▸ **Source information**
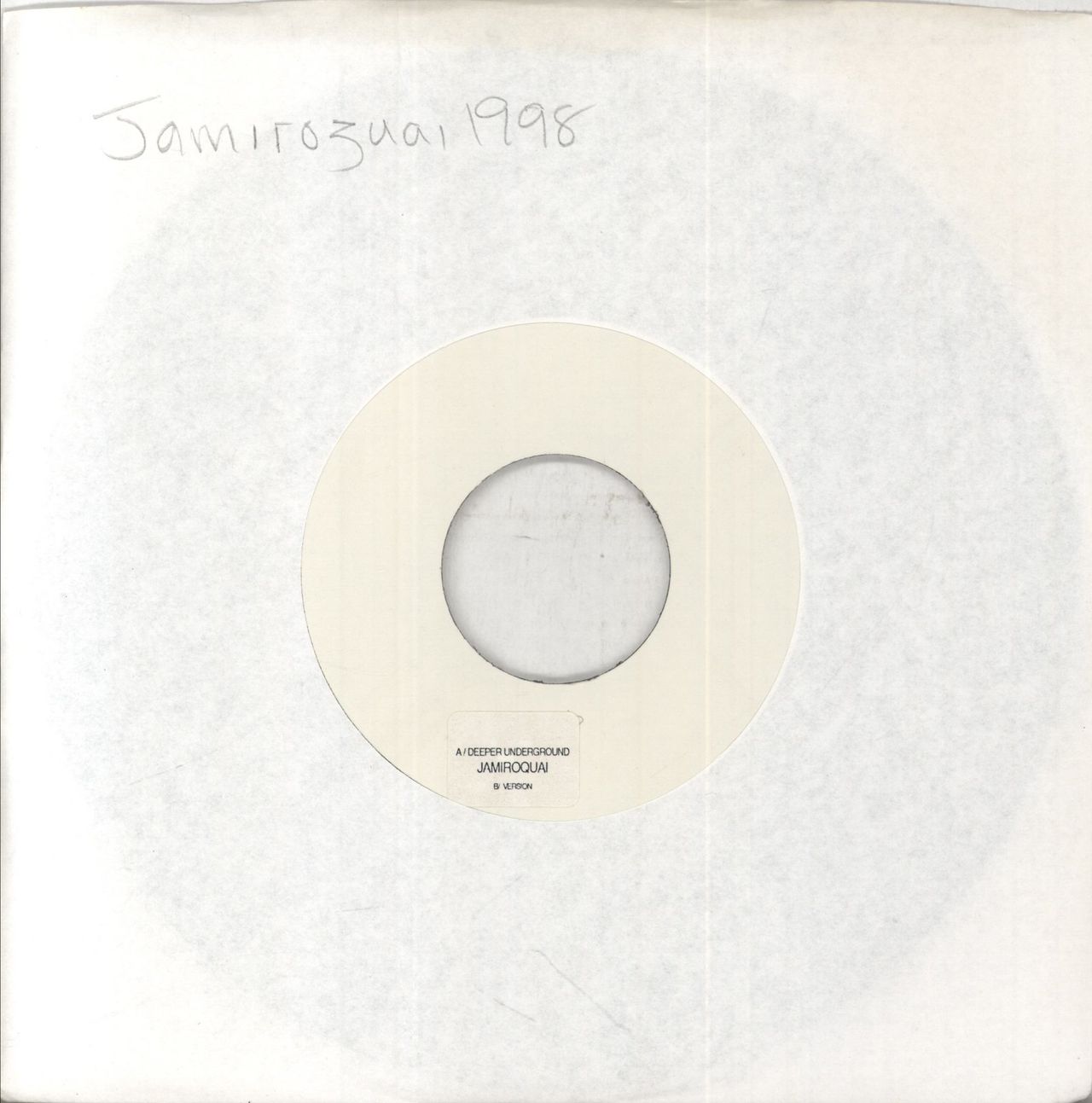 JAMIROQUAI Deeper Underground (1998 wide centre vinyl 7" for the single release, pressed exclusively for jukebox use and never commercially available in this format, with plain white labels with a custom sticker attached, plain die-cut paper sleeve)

==

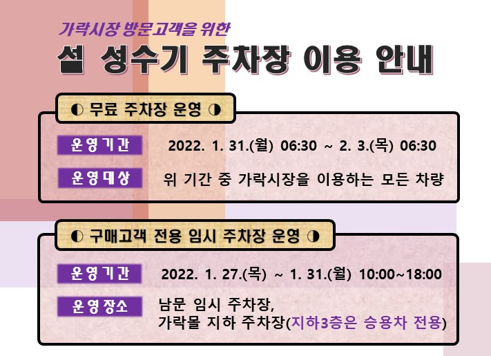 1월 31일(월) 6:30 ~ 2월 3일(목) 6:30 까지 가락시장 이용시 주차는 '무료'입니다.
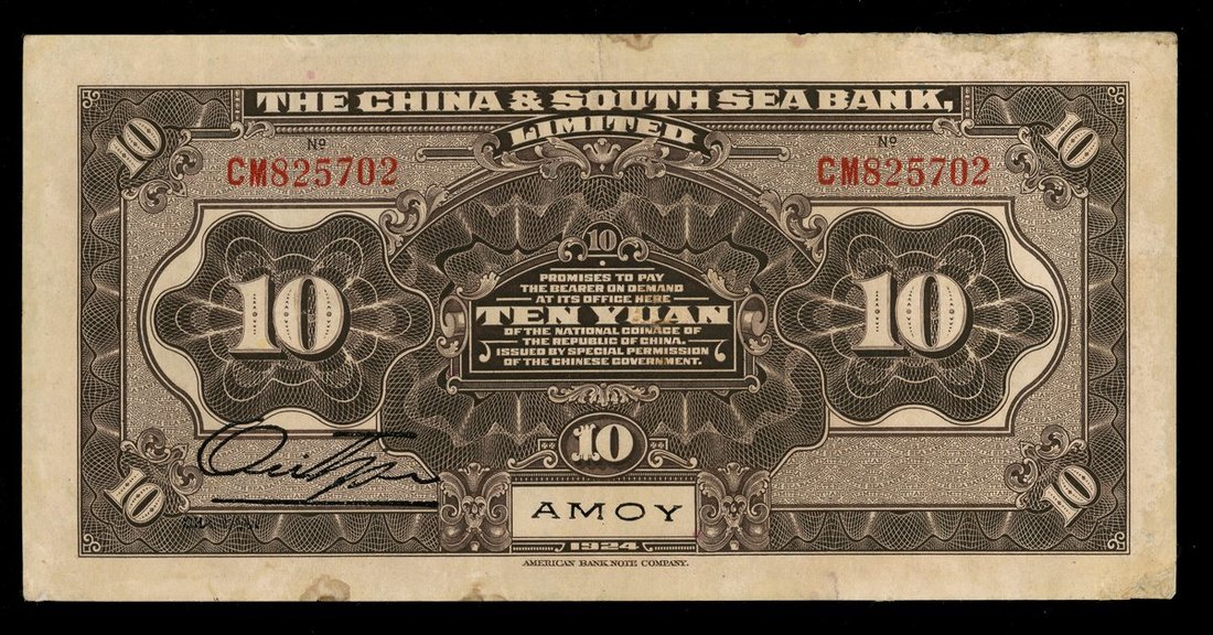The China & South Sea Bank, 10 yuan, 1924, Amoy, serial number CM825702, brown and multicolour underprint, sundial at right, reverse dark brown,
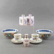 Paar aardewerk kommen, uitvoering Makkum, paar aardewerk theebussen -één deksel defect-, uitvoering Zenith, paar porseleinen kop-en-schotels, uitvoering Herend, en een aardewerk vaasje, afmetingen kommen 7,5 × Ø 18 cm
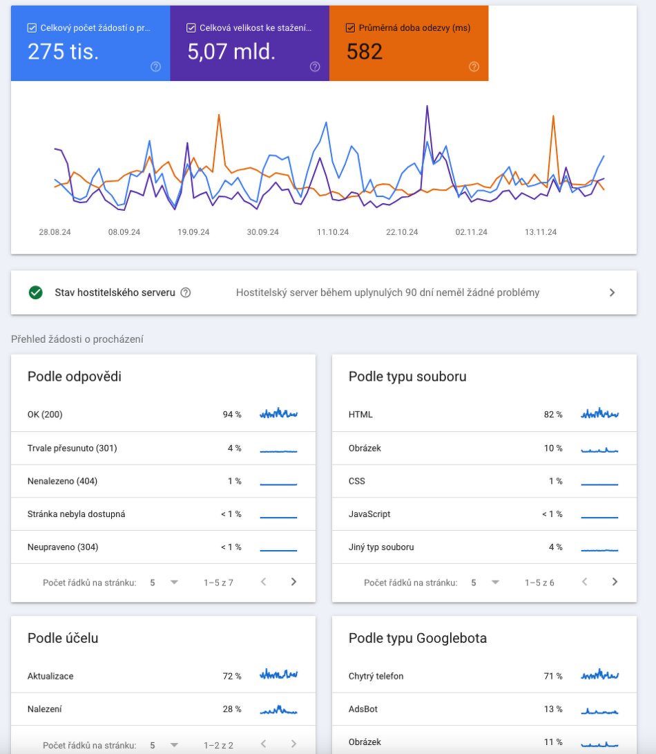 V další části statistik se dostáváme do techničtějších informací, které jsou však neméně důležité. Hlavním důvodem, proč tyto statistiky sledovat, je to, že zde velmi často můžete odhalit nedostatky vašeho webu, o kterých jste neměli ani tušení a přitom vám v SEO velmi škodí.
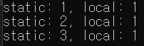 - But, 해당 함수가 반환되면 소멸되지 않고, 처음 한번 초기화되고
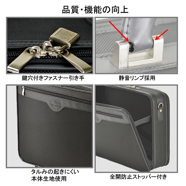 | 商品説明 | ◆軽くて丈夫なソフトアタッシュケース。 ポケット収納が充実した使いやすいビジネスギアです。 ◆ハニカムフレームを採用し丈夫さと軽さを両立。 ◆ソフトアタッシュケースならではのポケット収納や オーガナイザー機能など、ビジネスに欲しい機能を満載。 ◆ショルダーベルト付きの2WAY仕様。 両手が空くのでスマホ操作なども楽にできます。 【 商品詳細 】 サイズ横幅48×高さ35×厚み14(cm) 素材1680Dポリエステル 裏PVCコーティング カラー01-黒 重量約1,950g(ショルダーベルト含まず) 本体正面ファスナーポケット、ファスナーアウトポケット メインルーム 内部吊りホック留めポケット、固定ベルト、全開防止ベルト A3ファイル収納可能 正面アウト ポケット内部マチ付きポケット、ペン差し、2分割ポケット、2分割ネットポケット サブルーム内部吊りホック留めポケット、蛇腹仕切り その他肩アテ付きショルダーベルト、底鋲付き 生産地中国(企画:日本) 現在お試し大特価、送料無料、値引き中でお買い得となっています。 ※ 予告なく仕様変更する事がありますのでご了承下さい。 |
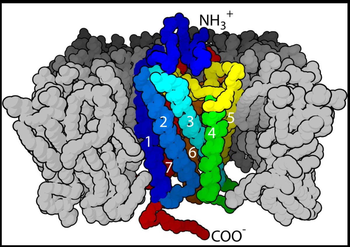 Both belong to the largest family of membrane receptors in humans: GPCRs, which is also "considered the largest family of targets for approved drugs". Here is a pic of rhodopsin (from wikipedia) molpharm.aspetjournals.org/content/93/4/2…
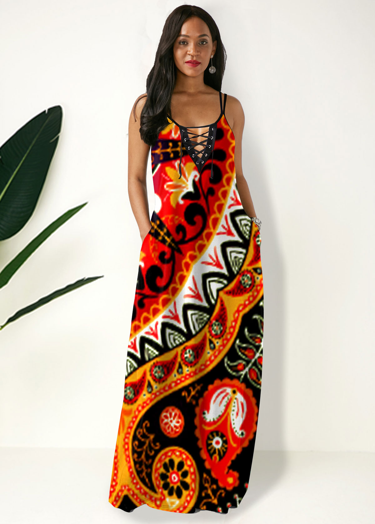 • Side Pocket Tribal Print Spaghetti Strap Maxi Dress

▸ **What to produce**
Taking the entries above, extract every line from the one bearing "1월 31일(월) 6:30" through the one bearing "Strap Maxi Dress", exactly, with no pictures.

▸ **Answer for this exercise**
 1월 31일(월) 6:30 ~ 2월 3일(목) 6:30 까지 가락시장 이용시 주차는 '무료'입니다.
The China & South Sea Bank, 10 yuan, 1924, Amoy, serial number CM825702, brown and multicolour underprint, sundial at right, reverse dark brown,
 Paar aardewerk kommen, uitvoering Makkum, paar aardewerk theebussen -één deksel defect-, uitvoering Zenith, paar porseleinen kop-en-schotels, uitvoering Herend, en een aardewerk vaasje, afmetingen kommen 7,5 × Ø 18 cm
 V další části statistik se dostáváme do techničtějších informací, které jsou však neméně důležité. Hlavním důvodem, proč tyto statistiky sledovat, je to, že zde velmi často můžete odhalit nedostatky vašeho webu, o kterých jste neměli ani tušení a přitom vám v SEO velmi škodí.
 - But, 해당 함수가 반환되면 소멸되지 않고, 처음 한번 초기화되고
 | 商品説明 | ◆軽くて丈夫なソフトアタッシュケース。 ポケット収納が充実した使いやすいビジネスギアです。 ◆ハニカムフレームを採用し丈夫さと軽さを両立。 ◆ソフトアタッシュケースならではのポケット収納や オーガナイザー機能など、ビジネスに欲しい機能を満載。 ◆ショルダーベルト付きの2WAY仕様。 両手が空くのでスマホ操作なども楽にできます。 【 商品詳細 】 サイズ横幅48×高さ35×厚み14(cm) 素材1680Dポリエステル 裏PVCコーティング カラー01-黒 重量約1,950g(ショルダーベルト含まず) 本体正面ファスナーポケット、ファスナーアウトポケット メインルーム 内部吊りホック留めポケット、固定ベルト、全開防止ベルト A3ファイル収納可能 正面アウト ポケット内部マチ付きポケット、ペン差し、2分割ポケット、2分割ネットポケット サブルーム内部吊りホック留めポケット、蛇腹仕切り その他肩アテ付きショルダーベルト、底鋲付き 生産地中国(企画:日本) 現在お試し大特価、送料無料、値引き中でお買い得となっています。 ※ 予告なく仕様変更する事がありますのでご了承下さい。 |
 Both belong to the largest family of membrane receptors in humans: GPCRs, which is also "considered the largest family of targets for approved drugs". Here is a pic of rhodopsin (from wikipedia) molpharm.aspetjournals.org/content/93/4/2…
 • Side Pocket Tribal Print Spaghetti Strap Maxi Dress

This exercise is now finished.